Returns the next time the job will trigger (hopefully).

count

Returns how many times the job fired.

EveryJob methods

frequency

It returns the scheduling frequency. For a job scheduled "every 20s", it's 20.

It's used to determine if the job frequency is higher than the scheduler frequency (it raises an ArgumentError if that is the case).

IntervalJob methods

interval

Returns the interval scheduled between each execution of the job.

Every jobs use a time duration between each start of their execution, while interval jobs use a time duration between the end of an execution and the start of the next.

CronJob methods

brute_frequency

An expensive method to run, it's brute. It caches its results. By default it runs for 2017 (a non leap-year).

  require 'rufus-scheduler'

  Rufus::Scheduler.parse('* * * * *').brute_frequency
    #
    # => #<Fugit::Cron::Frequency:0x00007fdf4520c5e8
    #      @span=31536000.0, @delta_min=60, @delta_max=60,
    #      @occurrences=525600, @span_years=1.0, @yearly_occurrences=525600.0>
      #
      # Occurs 525600 times in a span of 1 year (2017) and 1 day.
      # There are least 60 seconds between "triggers" and at most 60 seconds.

  Rufus::Scheduler.parse('0 12 * * *').brute_frequency
    # => #<Fugit::Cron::Frequency:0x00007fdf451ec6d0
    #      @span=31536000.0, @delta_min=86400, @delta_max=86400,
    #      @occurrences=365, @span_years=1.0, @yearly_occurrences=365.0>
  Rufus::Scheduler.parse('0 12 * * *').brute_frequency.to_debug_s
    # => "dmin: 1D, dmax: 1D, ocs: 365, spn: 52W1D, spnys: 1, yocs: 365"
      #
      # 365 occurrences, at most 1 day between each, at least 1 day.

The CronJob#frequency method found in rufus-scheduler < 3.5 has been retired.

looking up jobs

Scheduler#job(job_id)

The scheduler #job(job_id) method can be used to look up Job instances.

  require 'rufus-scheduler'

  scheduler = Rufus::Scheduler.new

  job_id =
    scheduler.in '10d' do
      # ...
    end

  # later on...

  job = scheduler.job(job_id)

Scheduler #jobs #at_jobs #in_jobs #every_jobs #interval_jobs and #cron_jobs

Are methods for looking up lists of scheduled Job instances.

Here is an example:

  #
  # let's unschedule all the at jobs

  scheduler.at_jobs.each(&:unschedule)

Scheduler#jobs(tag: / tags: x)

When scheduling a job, one can specify one or more tags attached to the job. These can be used to look up the job later on.

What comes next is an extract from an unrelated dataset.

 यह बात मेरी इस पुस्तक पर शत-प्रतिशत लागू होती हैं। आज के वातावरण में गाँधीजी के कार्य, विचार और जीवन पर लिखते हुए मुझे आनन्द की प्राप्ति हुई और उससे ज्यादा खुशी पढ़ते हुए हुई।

  scheduler.in '10d', tag: 'main_process' do
    # ...
  end
  scheduler.in '10d', tags: [ 'main_process', 'side_dish' ] do
    # ...
  end

  # ...

  jobs = scheduler.jobs(tag: 'main_process')
    # find all the jobs with the 'main_process' tag

  jobs = scheduler.jobs(tags: [ 'main_process', 'side_dish' ]
    # find all the jobs with the 'main_process' AND 'side_dish' tags

Scheduler#running_jobs

Returns the list of Job instance that have currently running instances.

Whereas other "_jobs" method scan the scheduled job list, this method scans the thread list to find the job. It thus comprises jobs that are running but are not scheduled anymore (that happens for at and in jobs).

misc Scheduler methods

Scheduler#unschedule(job_or_job_id)

Unschedule a job given directly or by its id.

Scheduler#shutdown

Shuts down the scheduler, ceases any scheduler/triggering activity.

Scheduler#shutdown(:wait)

Shuts down the scheduler, waits (blocks) until all the jobs cease running.

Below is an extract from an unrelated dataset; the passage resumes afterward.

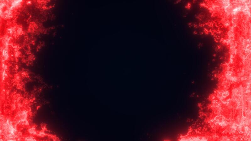 Abstract red glowing border forming a dynamic, sci-fi frame with dark center and textured energy particles Free Video
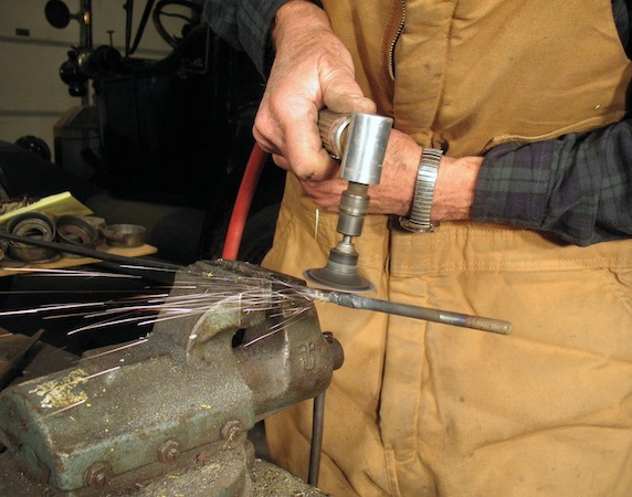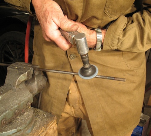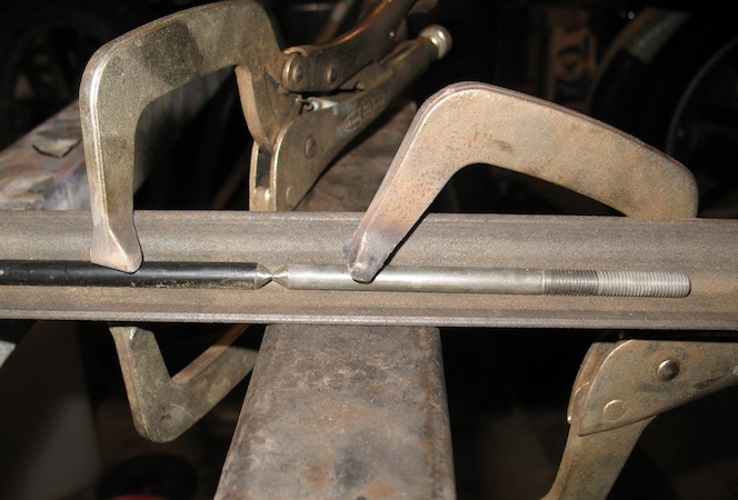 I added enough thread to a pair of 5/16-24 bolts to match the threads on an original brake rod, cut the heads off, and cut enough off the rods to make each rod & bolt combination 54" long. |

Scheduler#shutdown(wait: n)

Shuts down the scheduler, waits (blocks) at most n seconds until all the jobs cease running. (Jobs are killed after n seconds have elapsed).

Scheduler#shutdown(:kill)

Kills all the job (threads) and then shuts the scheduler down. Radical.

Scheduler#down?

Returns true if the scheduler has been shut down.

Scheduler#started_at

Returns the Time instance at which the scheduler got started.

Scheduler #uptime / #uptime_s

Returns since the count of seconds for which the scheduler has been running.

#uptime_s returns this count in a String easier to grasp for humans, like "3d12m45s123".

Scheduler#join

Lets the current thread join the scheduling thread in rufus-scheduler. The thread comes back when the scheduler gets shut down.

#join is mostly used in standalone scheduling script (or tiny one file examples). Calling #join from a web application initializer will probably hijack the main thread and prevent the web application from being served. Do not put a #join in such a web application initializer file.

Scheduler#threads

Returns all the threads associated with the scheduler, including the scheduler thread itself.

Scheduler#work_threads(query=:all/:active/:vacant)

Lists the work threads associated with the scheduler. The query option defaults to :all.

  • :all : all the work threads
  • :active : all the work threads currently running a Job
  • :vacant : all the work threads currently not running a Job

Note that the main schedule thread will be returned if it is currently running a Job (ie one of those blocking: true jobs).

Scheduler#scheduled?(job_or_job_id)

Returns true if the arg is a currently scheduled job (see Job#scheduled?).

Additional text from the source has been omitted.